Profitability was evaluated using profit margin, return on assets, and return on equity. The level of financial intermediation by the bank was determined through the loans and advances to total deposit ratio. The findings from the tests conducted indicate that the bank did not improve during the pre or post re-engineering period. It can be concluded that the re-engineering project had a positive impact on the bank's profitability. However, there was no significant improvement in financial intermediation by the bank.

To summarize, the analysis of the data revealed that the re-engineering project significantly enhanced the profitability performance of the bank, but did not contribute to its growth or the extent of financial intermediation. A study conducted by Ringing, Racial ; Hosanna (2011) focused on the effect of business process reengineering factors on the organizational performance of Nigerian banks, with information technology capability as the moderating factor. The survey method was utilized, and a pilot

test was conducted to achieve the objectives.
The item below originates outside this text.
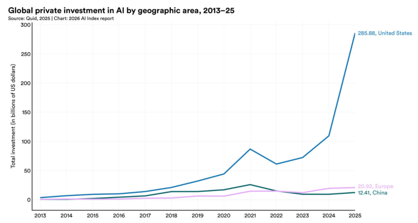 2025年,美国私营AI投资达到2859亿美元,是中国的124亿美元投资额的23倍以上——仅看私营投资数据可能会低估中国的总AI支出,因为中国还有政府指导基金。在创业活动方面,美国同样处于领先地位,2025年获得新融资的AI公司达1,953家,是排名第二国家的10倍以上。然而,自2017年以来,移居美国的AI研究人员和开发人员数量下降了89%,仅去年一年就减少了80%。

The instrument's content and face validity and reliability were assessed by a panel of experts from both academic and practical backgrounds. The data collected from various departments within the commercial bank were analyzed using SPAS software. The results demonstrate that the dimensions of business process reengineering are reliable and valid. Additionally, it was observed that BPR implementation was incorporated into multiple operational processes in banks.

The study had two main objectives, which were to identify the dimensions of BPR in Nigerian banks and to explore the level of BPR implementation in these banks. It was revealed that these dimensions include change management, process redesign/innovation, use of information technology (IT), and IT capability. The study also found that Nigerian banks have been implementing BPR in various operational processes, such as credit risk, domestic and international banking, branches, and e-banking. The researchers recommended using these findings for further research on BPR in Nigerian banks. In a similar study conducted in Pakistan by Habit (2013), the critical success and failure factors of BPR were examined.